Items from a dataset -

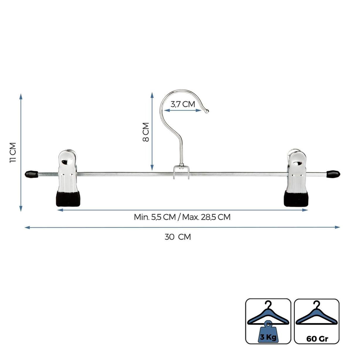 Les cintres sont équipés de puissantes pinces réglables d'une capacité de charge de 3 kg. Vous pouvez facilement régler les pinces en largeur. Vous pouvez les placer dans le sens de la largeur ou de l'étroitesse, jusqu'à un centimètre d'écart. Vous pouvez donc facilement adapter le cintre à n'importe quel vêtement ou type de textile.
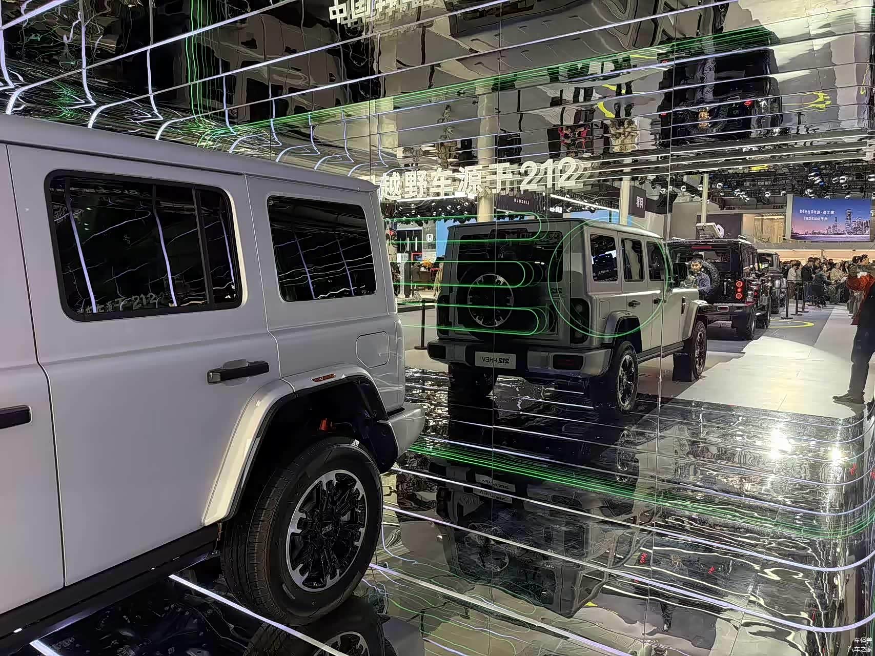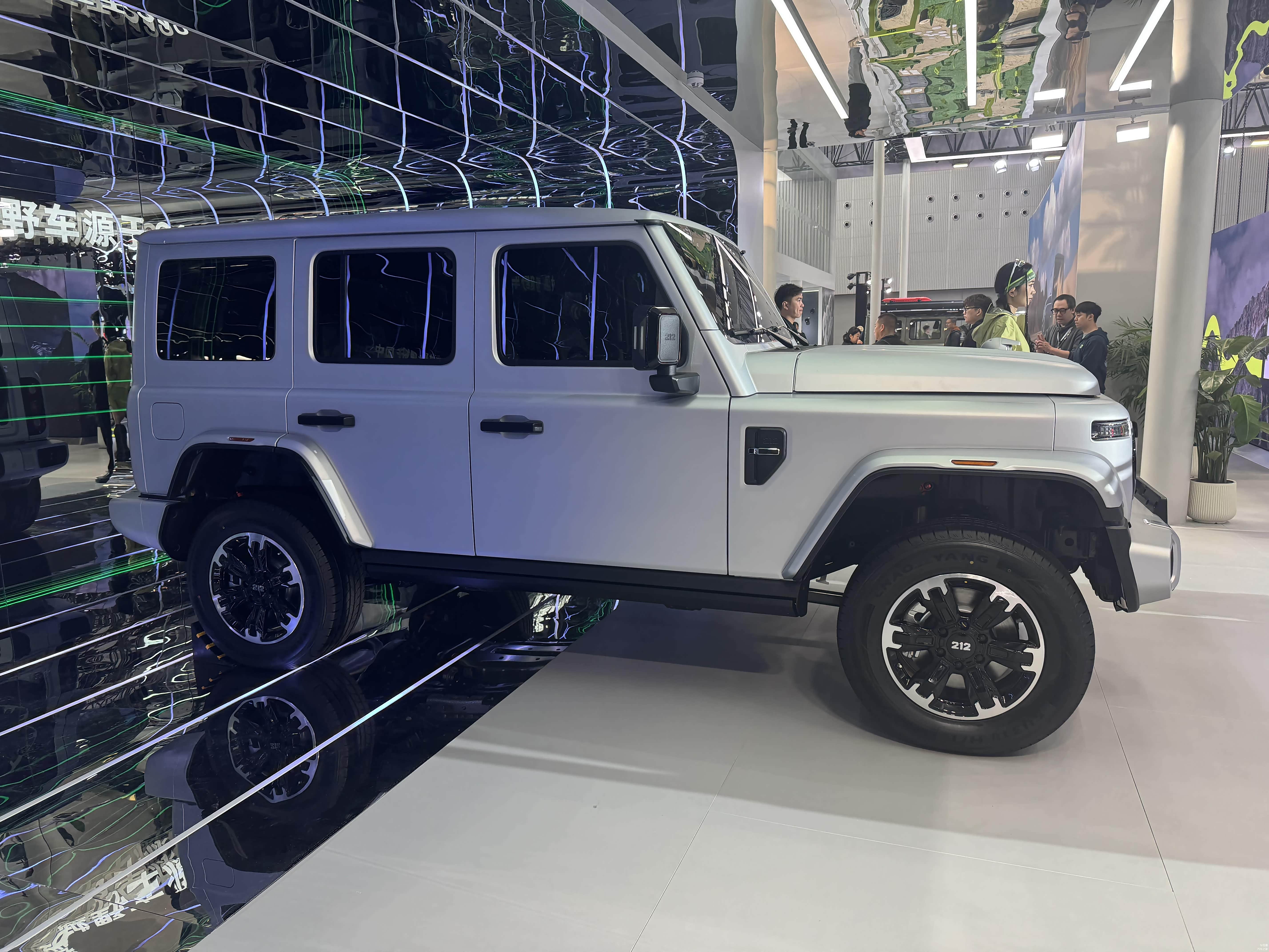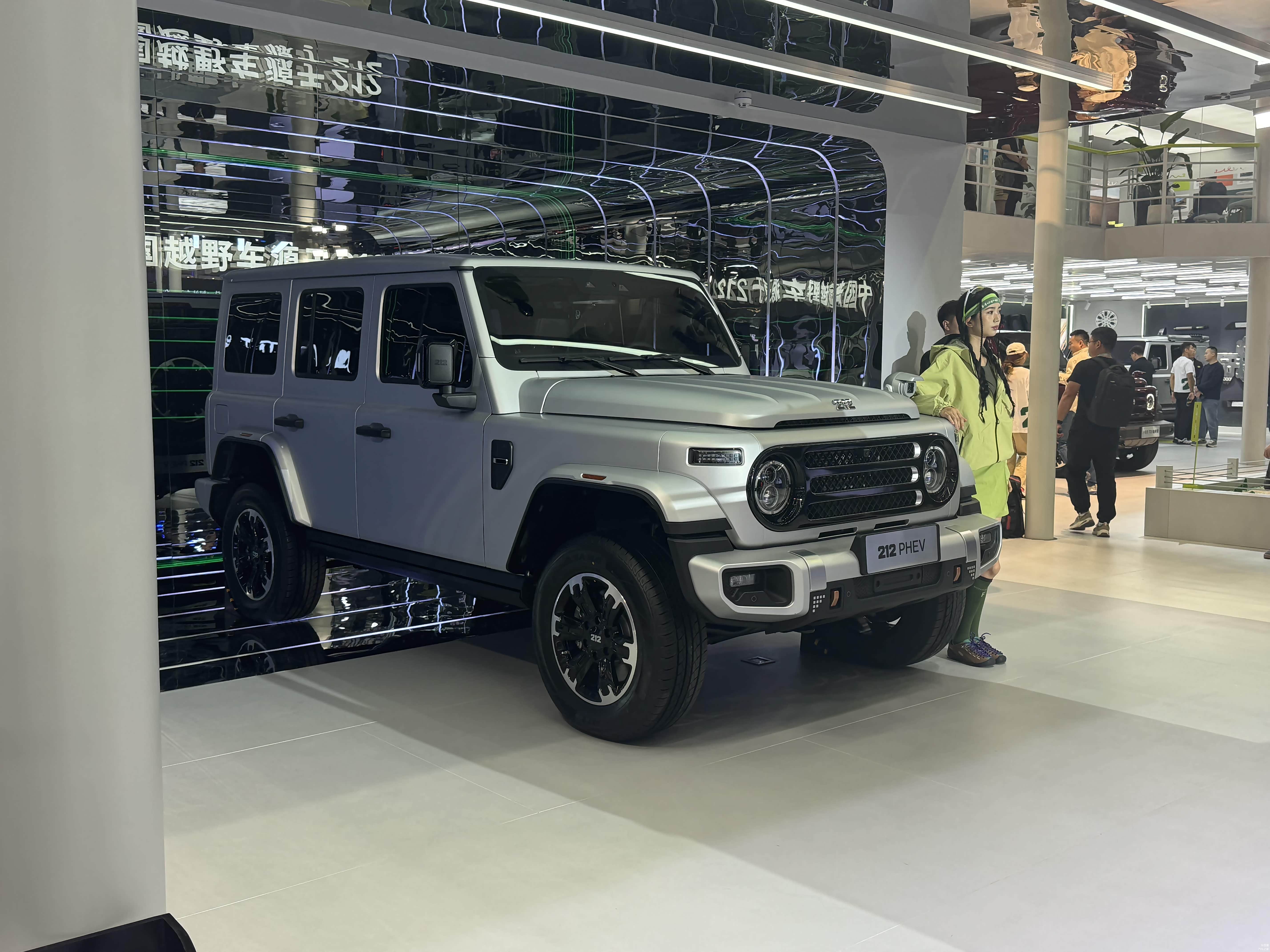 再看212 T01 PHEV插混版,它延续汽油车型硬核复古的设计,致敬经典。蚌式发动机盖、防空灯、三段式中网、分体式圆灯、长方形转向灯、复古车窗等经典设计元素重现。同时,粗犷的前后保险杠和轮眉,展现出硬派风格。车辆尾部采用经典的分体式车灯设计,配备外挂式备胎和侧开门设计,保留了一定通过性能。越野配置上,采用分时四驱系统,可切换高速四驱和低速四驱,提供前后桥差速锁(选装)、越野专用的OFFROAD模式,还配备陡坡缓降功能以及可断开防倾杆,为越野出行提供有力保障。
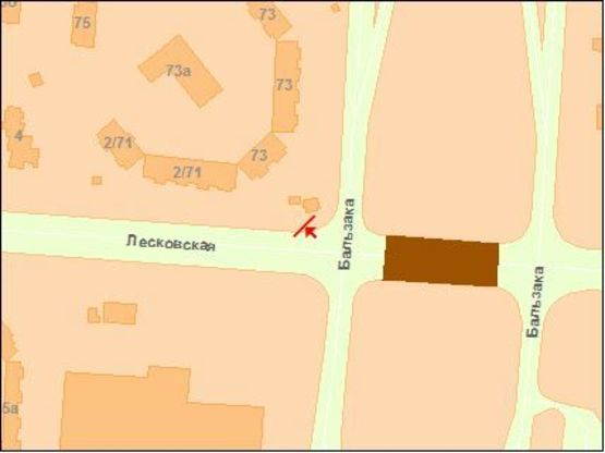 Схема рекламной плоскости по адресу Лесковская ул., 2/ 71 / О. Бальзака ул., напротив супермаркета "Новая Линия"
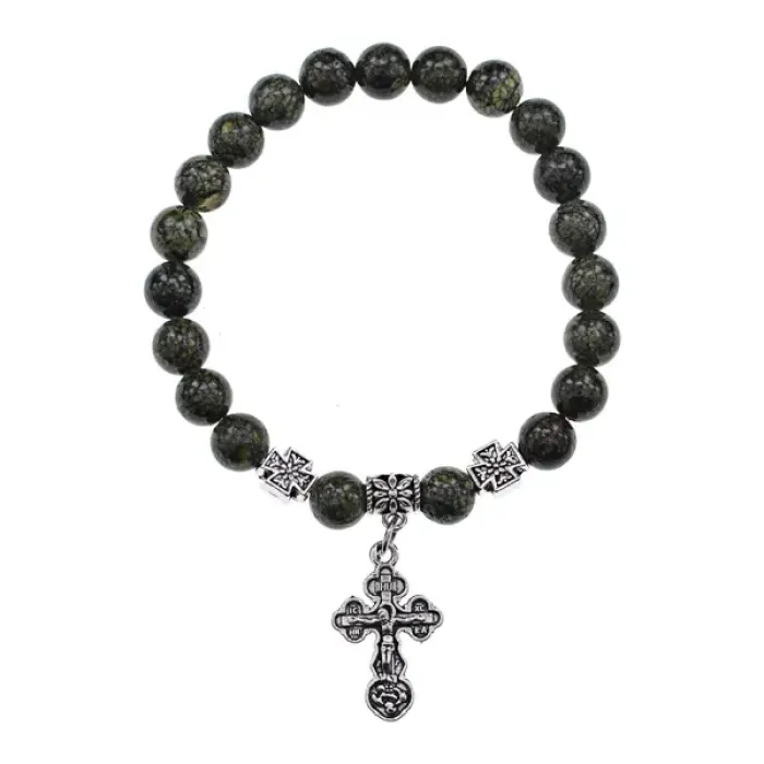 Браслет "Спаси и сохрани" — это православный стрейч-браслет, выполненный из натурального камня змеевика. Этот уникальный аксессуар не только украшает, но и символизирует защиту и духовную силу. Внутренний диаметр браслета составляет около 5,2 - 5,5 см, а диаметр каменных бусин — 8 мм.
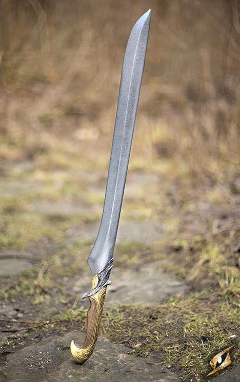 Epic Armourys Elven Sword is a a latex-hybrid curved blade for the aspiring Elven hero or Dark Elven villain. The sword is 85 cm long from tip to pommel, with a gently curved 60 cm single-edged blade. The detailed crossguard curls back over the blade and toward the handle, shielding and protecting the hand. The handle is 11 cm long, cast and painted to look like real wood with inlaid metal embellishments.
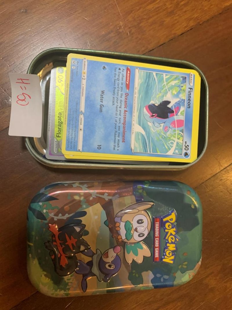 POKEMON COLLECTORS TIN + 50 CARDS (HALO/REVERSE HOLO/COMMONS)+8
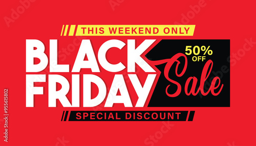 Black Friday sale banner, template, poster, flyer, greeting card. Up to 50% discount for black Friday holiday. Business promotion layout. Modern typography poster design on red background.
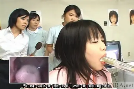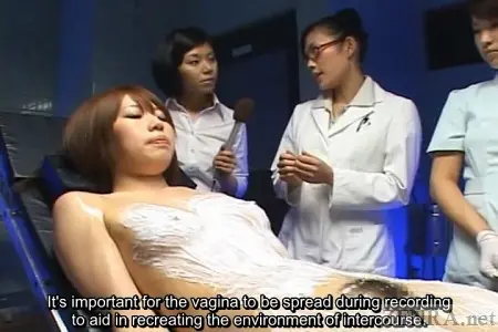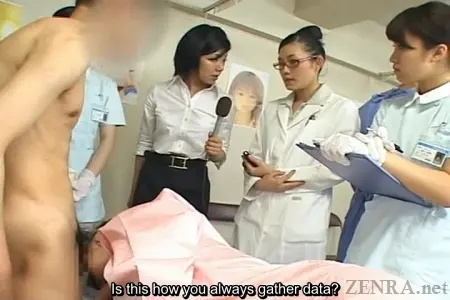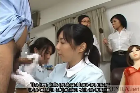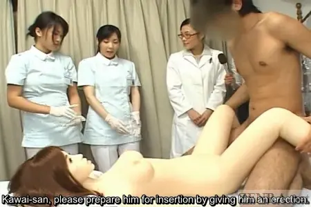 In a continuation of this scene, the news reporter now is observing another totally naked male volunteer who is giving his best effort to stay hard by engaging in coitus with one of Dr. Hattori's medical sex dolls. Both the doctor and her nurses encourage the volunteer to finish off in the doll while gently supporting him by caressing his clenching ass as he reaches his jizzy zenith.
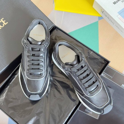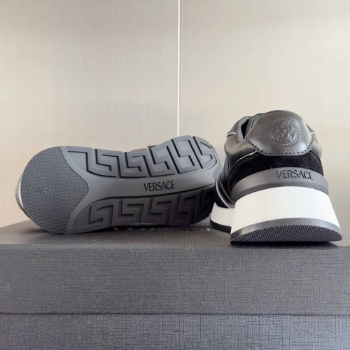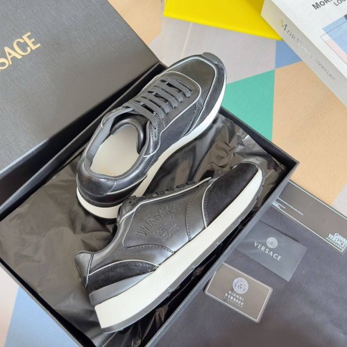 Черные кроссовки Versace из натуральной кожи со вставками из натуральной замши. Сочетание стиля и актуального дизайна - кроссовки станут трендовым дополнением к ежедневному стилю. Удобная контрастная подошва гарантирует легкую походку и максимальный комфорт. В нашем интернет-магазине вы можете купить кроссовок с доставкой по Москве и по всей России.

WHAT YOU NEED TO DO - Copy only what lies between the line with "Схема рекламной плоскости" and the line with "Epic Armourys Elven", those two lines included, exactly as given above; pictures stay out.

SOLUTION -
 Схема рекламной плоскости по адресу Лесковская ул., 2/ 71 / О. Бальзака ул., напротив супермаркета "Новая Линия"
 Браслет "Спаси и сохрани" — это православный стрейч-браслет, выполненный из натурального камня змеевика. Этот уникальный аксессуар не только украшает, но и символизирует защиту и духовную силу. Внутренний диаметр браслета составляет около 5,2 - 5,5 см, а диаметр каменных бусин — 8 мм.
 Epic Armourys Elven Sword is a a latex-hybrid curved blade for the aspiring Elven hero or Dark Elven villain. The sword is 85 cm long from tip to pommel, with a gently curved 60 cm single-edged blade. The detailed crossguard curls back over the blade and toward the handle, shielding and protecting the hand. The handle is 11 cm long, cast and painted to look like real wood with inlaid metal embellishments.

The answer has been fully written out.